How to exclude awk text block that has specific condition of strings in the block-CodePudding

I am trying to exclude a text-blocks when a certain condition occurs.

The files have this layout:

- name: Sedan
  tags:
  - DIGIT
  - ABC
  - DEF
  - YES
- name: Combi
  tags:
  - DIGIT
  - ABC
  - DEF
  - NO
- nane: SUV
  tags:
  - DIGIT
  - DEF
  - YES
- nane: OTHER
  tags:
  - DIGIT
  - ABC
  - YES

The condition is: ABC && !DEF So, print only the text-block that will have only ABC in the block.

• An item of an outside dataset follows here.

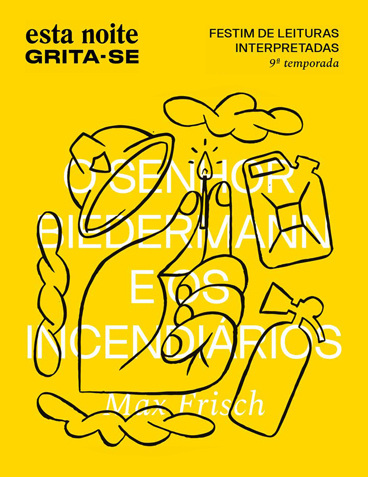 "O Senhor Biedermann e os Incendiários" de Max Frisch é uma mordaz caricatura dos valores instalados na sociedade burguesa, onde, debaixo do verniz das boas intenções, a desigualdade impera. O comerciante Biedermann, convicto defensor do status quo e do seu posto social, vive com a esposa e a criada numa cidade alarmada por diversos incêndios que têm consumido prédios e bairros inteiros. Certo dia, recebe a visita de dois estranhos homens que, insidiosamente, se vão instalando no sótão de sua casa, perante a incredulidade do anfitrião, preso num labirinto de ingenuidade e condescendência patriarcal. Trata-se de um texto singular do autor suíço do pós-guerra, que viria a publicar mais tarde um epílogo para a edição alemã, motivado pela reação do público suíço, que terá visto na peça um alarme anti-comunista. O epílogo, em jeito de sequela, retrata um inferno em greve por excesso de arraia-miúda, enquanto o céu concede indultos aos poderosos — e serve para sublinhar ainda mais a originalidade e a relevância do texto principal.

It should give me this printout:

- nane: OTHER
  tags:
  - DIGIT
  - ABC
  - YES

My first try was something like that:

awk '/^- name:/ { if (found && value) {print value} found=value="" } { value=(value?value ORS:"")$0 } /ABC/ && !/DEF/ { found=1 } END { if (found && value) { print value } }' file

But the above try prints every text-block with both patterns!

Thanks

CodePudding user response：

Using gnu-awk, you can split file into records using first - in each block:

awk -v RS='(^|\n)- ' '/- ABC/ && !/- DEF/ {printf "- %s", $0}' file

- nane: OTHER
  tags:
  - DIGIT
  - ABC
  - YES

Or to make it more precise:

awk -v RS='(^|\n)- ' '
/- ABC(\n|$)/ && !/- DEF(\n|$)/ {printf "- %s", $0}
' file

CodePudding user response：

I'm normally not a fan of multiple instances of awk/sed/grep in a pipeline, but this problems seems suited to it. First, insert blank lines as record separators. Then filter. Then remove the blank lines:

 awk '/^-/{print ""} 1' input | awk '/ABC/ && !/DEF/' RS= | sed '/^$/d'

Some versions of awk allow multi-character RS, but this pipeline seems simple enough to use with those implementations of awk that do not support that extension.

But it seems that a better solution would be to convert the yaml to json, then filter with jq, and then convert back to yaml.